By Al Dozier
The new elementary school for Lexington-Richland District 5 is on track for completion in May of 2021 despite extensive rain delays during construction, according to a presentation at the June 15 board meeting.
Construction on the second-floor steel project and deck is now under way. Roofing and painting are ahead of schedule, according to officials with Quackenbush Architects.
The 105,000-square foot school identified as “Elementary School 13” will be located on Amicks Ferry Road in Chapin and will serve 750 students. Cost of the project is estimated at a maximum of $22.8 million, but officials say it is currently under budget.
Irmo Middle School Principal Cassy Paschal has been named principal of the new school, which is expected to open in the fall of 2021.
Board member Ed White said some questions remain about construction issues, including possible support problems with soil composition around the building’s roadways and curbs. Many of those questions were raised by board member Ken Loveless, who sent a letter to the district’s superintendent seeking answers but said he has not received a response.
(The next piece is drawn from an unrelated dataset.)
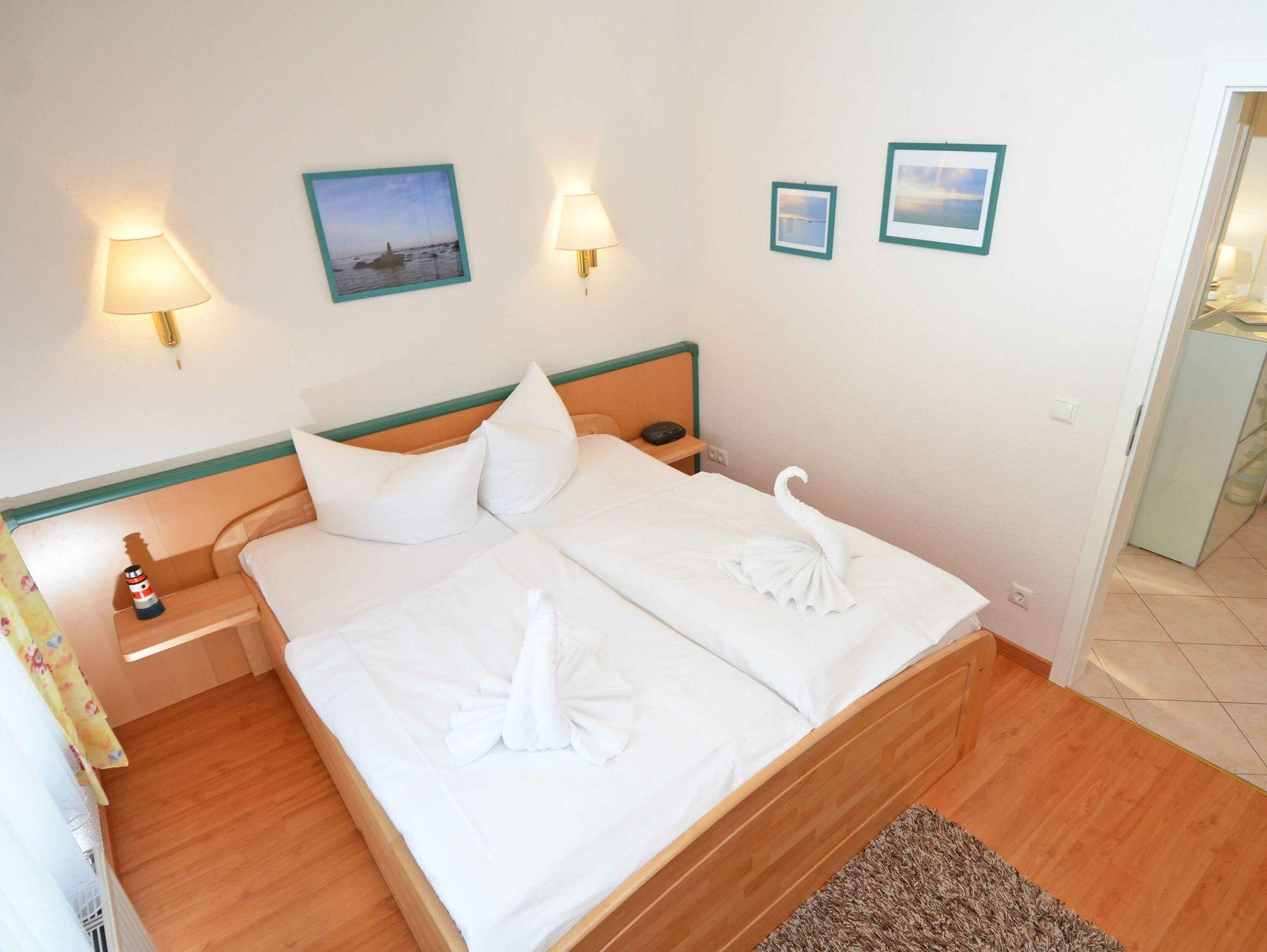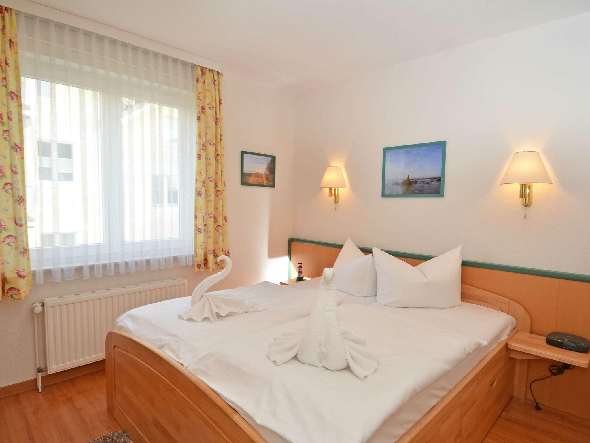 Das separate Schlafzimmer ist mit einem bequemen Doppelbett und einem Kleiderschrank mit ausreichend Platz für Ihre Urlaubsgarderobe ausgestattet. Im Badezimmer stehen Ihnen Dusche/WC sowie ein Waschtisch nebst Haartrockner zur Verfügung.

Board Chairman Michael Cates said the district can respond to the questions through the service providers, but Monday’s board meeting was not the appropriate time.
During the presentation board member Jan Hammond asked about safety issues related to traffic coming in and out of the site. Safety problems near the heavily travelled Amicks Ferry Road have been raised frequently by residents in the area.
Quackenbush officials said traffic flow problems are being addressed and will likely include a new traffic signal in the area.
In other action, board members expressed appreciation for the successful graduation ceremonies performed despite the coronavirus safeguards that were put in place.
“I’ve heard numerous compliments about our graduation,” said board member Beth Hutchison.
She called for a round of applause for Superintendent Christina Melton and her staff.
The district held in-person, outdoor graduation ceremonies implementing social distancing and other health measures for graduates and their guests at the district’s three high school football stadiums during the first week in June.
During a discussion of the proposed General Fund Budget for the 2020-2021 School Year, the board was advised meal prices will go up during 2021. Lunch prices will go up from $2.75 to $2.90. Breakfast prices will go up from $1.40 to $1.50.
The budget proposal anticipates expenditures of $198,883,473, while revenues are expected to total $197,861,748.
Because of the uncertainty about state funding, the district has implemented a spending freeze. A proposed STEP increase will be retroactive when final decisions are reached on the budget. Officials expect the district to remain in a suitable financial situation but a lot of issues remain unresolved as the state copes with coronavirus pandemic. The State Department of Education is expected to address shortfalls and future expenses.
The board approved a proposal that discontinues for one year the district’s foreign student exchange program as a safety measure during the coronavirus pandemic.
The board also approved a revised policy on homebound instruction for sick or disabled students.